Uber’s attempt to reclaim popularity after price rises
In this posting from the LinkedIn Agency Influencer program, Mo Works’ Samantha Tran argues that the taxi-hailing app is too ingrained in our lives for us to give up on it.
If your name is Sam or some variation of Sam – like mine and many hundreds of thousands of Australians is – then you’ve already heard about Uber’s latest marketing tactic. Come to think of it, you probably have seen it floating around even if your name isn’t Sam.
It’s a damn smart campaign and one that has done particularly well with the support of social media.
Nice little puff-piece for Uber, but there’s something inherently out of whack with a company that surcharges its customers for its own shortcomings.
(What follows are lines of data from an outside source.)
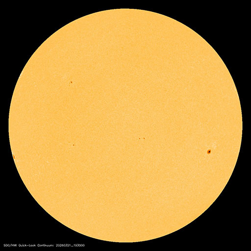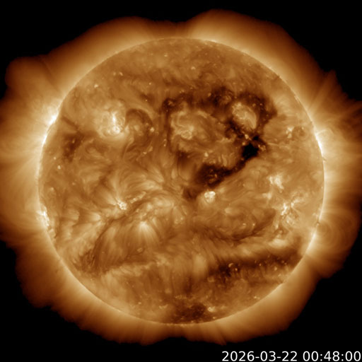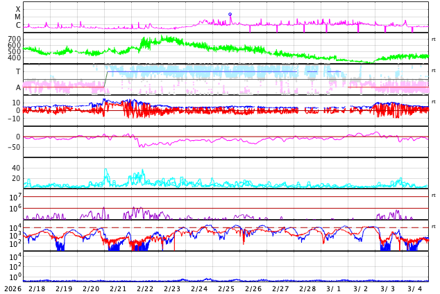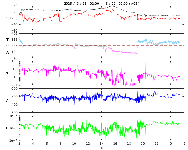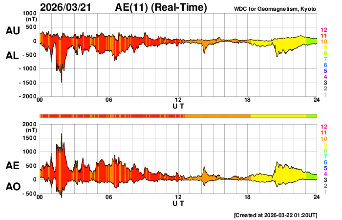 2026/ 3/22 10:40 更新 太陽風は500km/秒と高速の状態が続いています。 担当 篠原 太陽風は、500km/秒と高速の状態が続いています。 磁場強度は、昨日のニュースの後35nTに強まり、 グラフの途中では、40nTに達する変化も発生しています。 その後は下がって行って、現在は8nTとやや強まった程度に戻っています。 ひと段落着いた印象ですが、かなりの強まりが到来しました。 太陽風磁場の南北成分は、 グラフの前半で -10nT程度の強い南向きの変化が発生しています。 磁気圏の活動も強まって、 AE指数は1500nTに達する大きい変化が発生して、 その後も800nTの中規模の活動が続きました。 その後、磁場の南北成分は北向きに強まる様になり、 +30nTというかなり大きい変化も発生しています。 しかし、北向きになると磁気圏への影響は弱まるため、 AE指数は変化が小規模になっています。 そして、太陽風のグラフの後半になると、 南北成分は0nT付近で小さく南北に変化する様になり、 磁気圏の活動はやや強まって、 AE指数は500nTの変化が発生しています。 磁場強度は下がりましたが、太陽風の速度は高まった状態です。 GOES衛星SUVI 195を見ると、 北半球のコロナホールは全体が西側(右側)に進んだくらいで、 3〜4日くらいは影響が続く可能性があります。 太陽は、X線グラフは目立った変化はなく、 穏やかな状態が続いています。
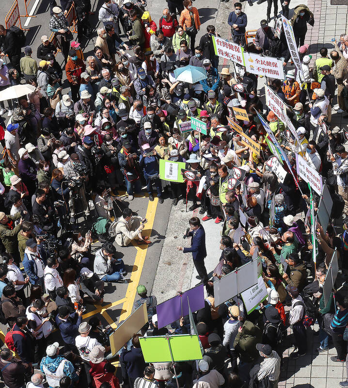 The demonstrators, who were protesting at a side entrance to the Legislative Yuan on Jinan Road, were mostly members of the Taiwan Association of University Professors and other organizations advocating Taiwanese independence.
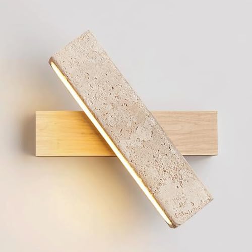 DUANWEN Applique Murale Vintage Avec Abat-jour En Bois Et Pierre. Applique Murale En Pierre De Travertin Naturel. Applique Murale Moderne À LED. Pour Chambre À Coucher, Salon, Cuisine, Ferme, Couloir,
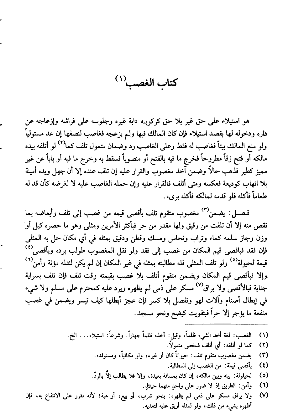 1 الغصب: لغة أخذ الشيء ظلما وقيل: أخذه جهارا وشرعا: استيلاء.....إلخ.
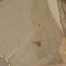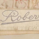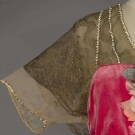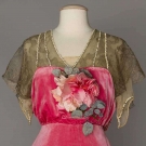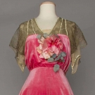 Silk velvet, upper bodice of gold lace over chiffon trimmed w/ rhinestone bands, silk blossom corsage, trained skirt narrows to ankles, label "Robert, Paris", B 32"-34", W 24", L 52"-76", (hem edge dirty, chiffon w/ stains & holes) very good.
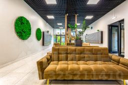 В здании для комфорта резидентов и гостей обустроена лаундж-зона с мягкими диванами и удобное лобби с ресепшеном, которые подчеркивают статусность проекта. Здесь вы сможете поработать, пообщаться с друзьями или просто отдохнуть. Также в комплексе предусмотрено место для хранения колясок и велосипедов, есть собственная автомобильная парковка.
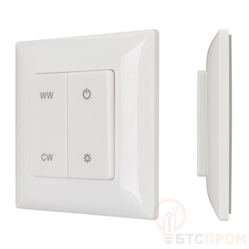 Накладная кнопочная панель 2.4 ГГц, цвет белый. Материал - пластик. Для управления мультибелыми (MIX) источниками света (ШИМ), 1 зона управления. Питание/рабочее напряжение 3VDC от батарейки CR2032. Габариты 86х86х14 мм. Совместима с контроллерами SMART.

When they fail to provide enough drivers at peak times, they up the price exponentially – how dumb is that? Like most, I immediately get myself a taxi, and pay a normal price. Imagine if the grocer had only 2 apples left, so decided to charge you $10 each for them. Insanity.
With everybody in Uber being about 15 years old, perhaps they haven’t been to business school yet, but there’s no way anyone can spin the malpractice of charging extra for having failed to enable supply to meet demand.
“With everybody in Uber being about 15 years old, perhaps they haven’t been to business school yet”
– Believe you me, they have been to business school. Loads of ex Wall Street, who put dollars first, ahead of everything else and are used to making people pay. (Do not forget that they could do no wrong as bankers, with bail out after bail out.) Ethics school would be a nice place to send the SLT of UBER.
p.s. Your apple analogy looks good and makes sense, kinda. However picture a storm up in North NSW and the banana crop is half wiped out for the season. Bananas, as a result, become far more expensive. Supply and demand…
Voting with feet, like you do, is something Wasll Street bankers are not used to (bail outs), so if we keep doing that then we can try to keep them honest 😉
I remember how insane that banana pricing was!!
Yes, there is certainly a bit of that. But at the same time, when you’re hiking in Nepal and there are only a few shops around, the price for toilet paper is insane.
It’s supply and demand. They say surge pricing is to encourage more drivers to also get on the road, to encourage for that supply.
I’m really sorry but this steady stream of needing content is annoying everyone. All this article says is ‘Uber’s new campaign is good’. No insight or analysis.
I have no doubt that this will be a successful campaign, but as for their social strategy, I wonder how strong this would have been without the awareness generated by the above the line spend i.e. wraps and masthead takeovers of the Herald and Telegraph.
That’s absolutely part of the campaign though – something that the big names want to talk about because they know there are people out there who want to know more.
Then maybe you should have mentioned that in your piece. You know, some analysis beyond Uber’s marketers being “geniuses” (they’re not) and its drivers being “bona fide legends” (they’re not).
Uber fans. Turkeys voting for Christmas comes to mind.
But they’re a tech company so, like, really cool.